Task to carry out
Below, locate the line that contains "GM:29912:1-4 består av". Repeat exactly from that line to the line that contains "в технике эбру]()", inclusive, leaving out the pictures.

START Recorded data

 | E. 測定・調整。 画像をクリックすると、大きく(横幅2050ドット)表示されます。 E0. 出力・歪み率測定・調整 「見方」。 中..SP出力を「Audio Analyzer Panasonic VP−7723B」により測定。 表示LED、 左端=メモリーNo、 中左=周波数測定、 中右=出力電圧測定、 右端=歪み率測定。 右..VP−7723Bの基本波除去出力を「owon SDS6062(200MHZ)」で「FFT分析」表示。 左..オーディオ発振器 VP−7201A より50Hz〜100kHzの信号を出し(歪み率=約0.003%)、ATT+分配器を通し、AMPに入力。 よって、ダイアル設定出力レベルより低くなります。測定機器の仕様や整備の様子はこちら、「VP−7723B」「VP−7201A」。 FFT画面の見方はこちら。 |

END Recorded data
START Recorded data

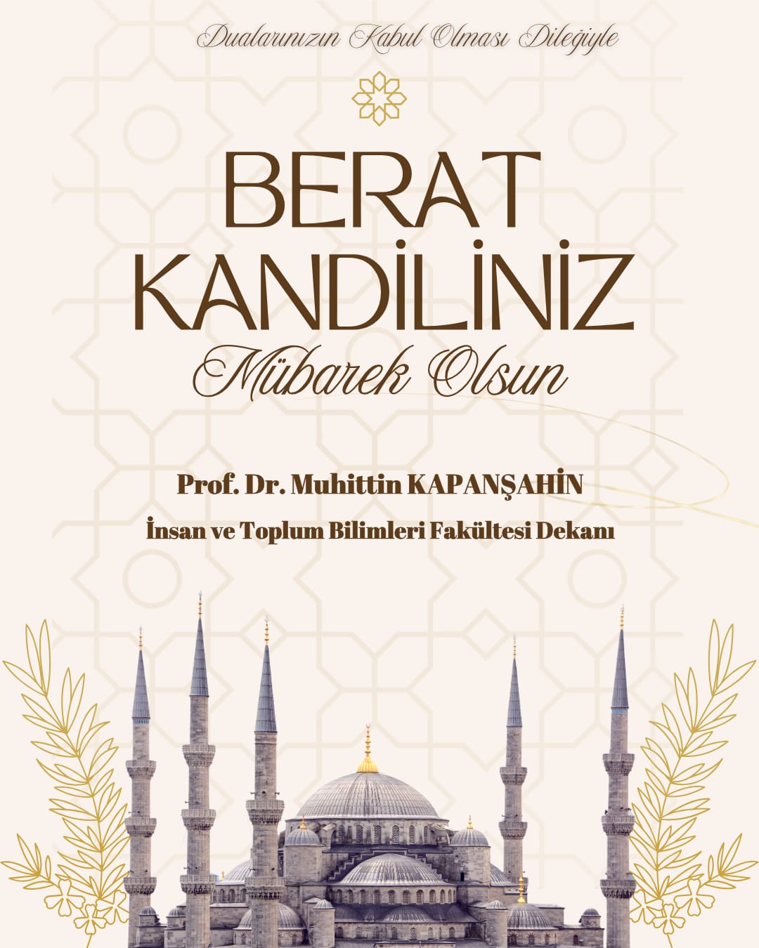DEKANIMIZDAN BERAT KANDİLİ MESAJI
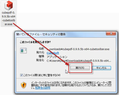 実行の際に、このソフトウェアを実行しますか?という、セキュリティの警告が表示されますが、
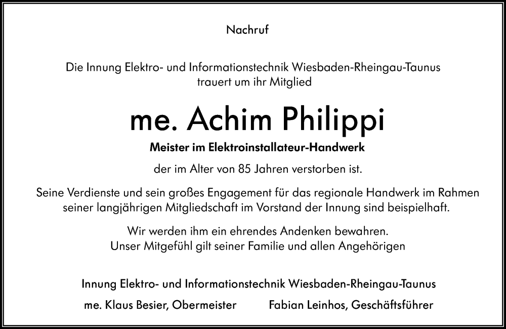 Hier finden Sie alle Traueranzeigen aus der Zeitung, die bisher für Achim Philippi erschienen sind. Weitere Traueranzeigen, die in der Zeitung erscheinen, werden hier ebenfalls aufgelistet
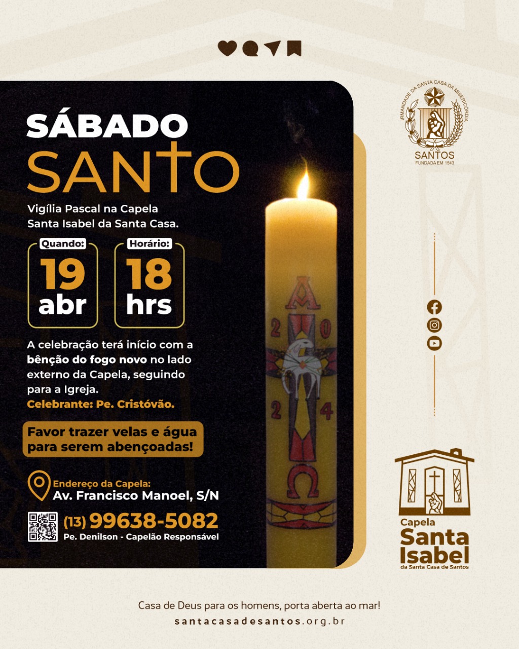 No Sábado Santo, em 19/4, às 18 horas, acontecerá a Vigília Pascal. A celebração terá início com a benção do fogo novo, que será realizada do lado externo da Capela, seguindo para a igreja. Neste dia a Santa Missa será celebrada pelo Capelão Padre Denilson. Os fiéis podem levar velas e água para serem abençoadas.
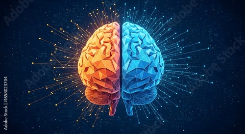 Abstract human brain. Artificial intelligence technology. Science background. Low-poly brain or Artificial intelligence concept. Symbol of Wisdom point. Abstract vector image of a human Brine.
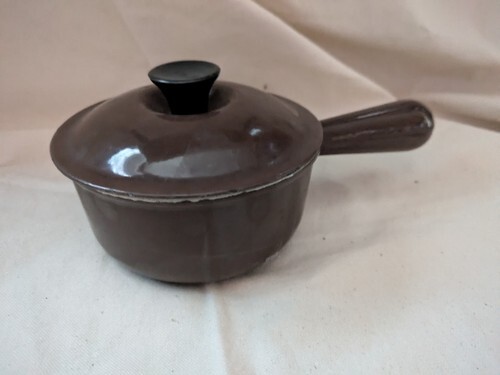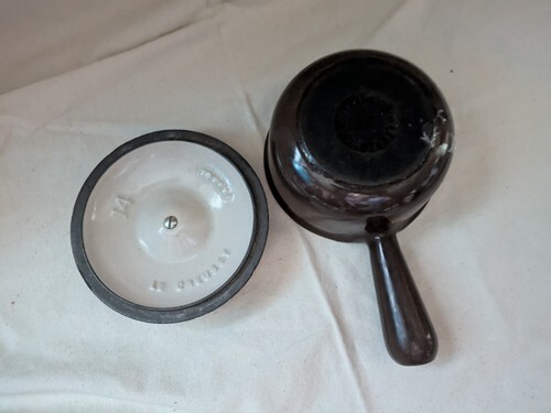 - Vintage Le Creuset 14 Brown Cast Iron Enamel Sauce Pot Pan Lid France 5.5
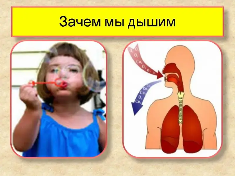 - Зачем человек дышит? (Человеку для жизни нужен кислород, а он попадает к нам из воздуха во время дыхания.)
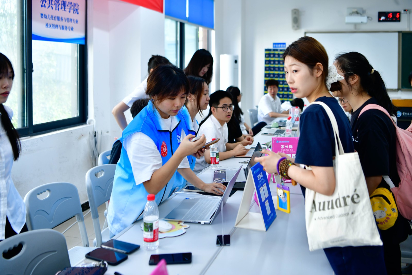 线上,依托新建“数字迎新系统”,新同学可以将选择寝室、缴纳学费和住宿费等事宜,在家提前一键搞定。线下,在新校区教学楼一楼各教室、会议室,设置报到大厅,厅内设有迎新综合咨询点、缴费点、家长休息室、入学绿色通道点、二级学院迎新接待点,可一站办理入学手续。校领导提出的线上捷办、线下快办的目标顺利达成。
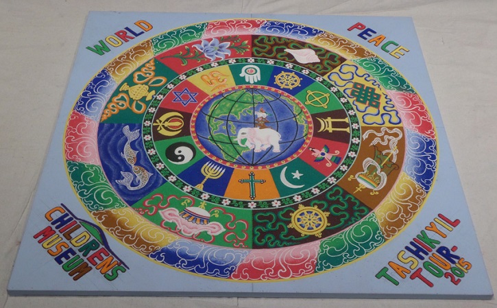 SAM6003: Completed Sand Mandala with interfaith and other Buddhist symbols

END Recorded data
START Recorded data

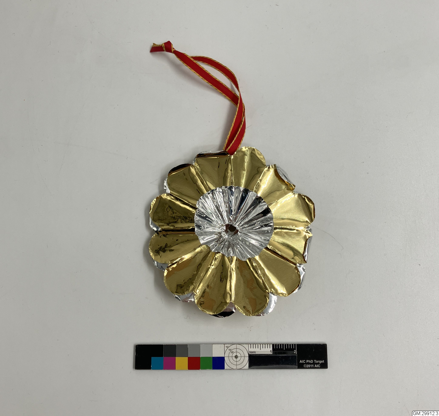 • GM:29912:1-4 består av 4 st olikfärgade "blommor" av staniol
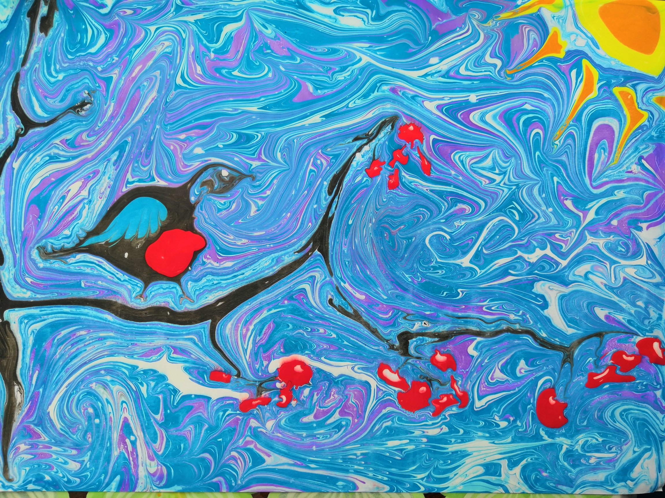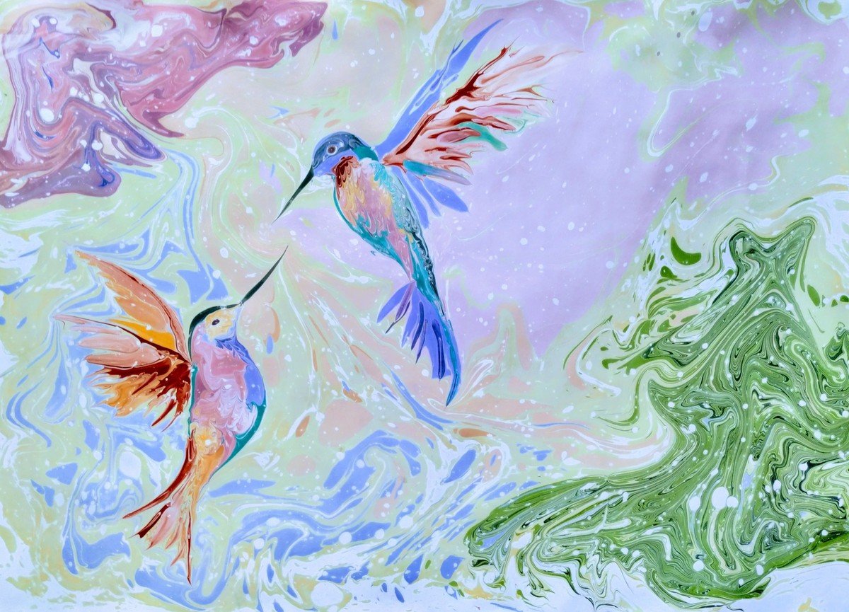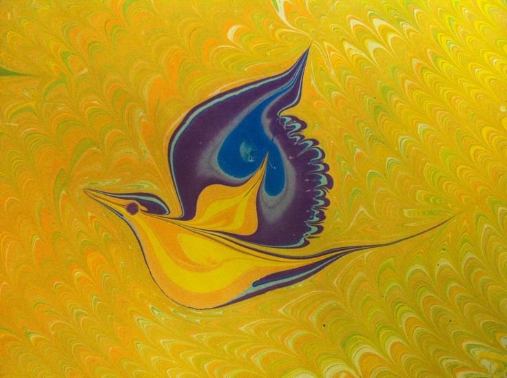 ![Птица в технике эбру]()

END Recorded data

Solution
 • GM:29912:1-4 består av 4 st olikfärgade "blommor" av staniol
 ![Птица в технике эбру]()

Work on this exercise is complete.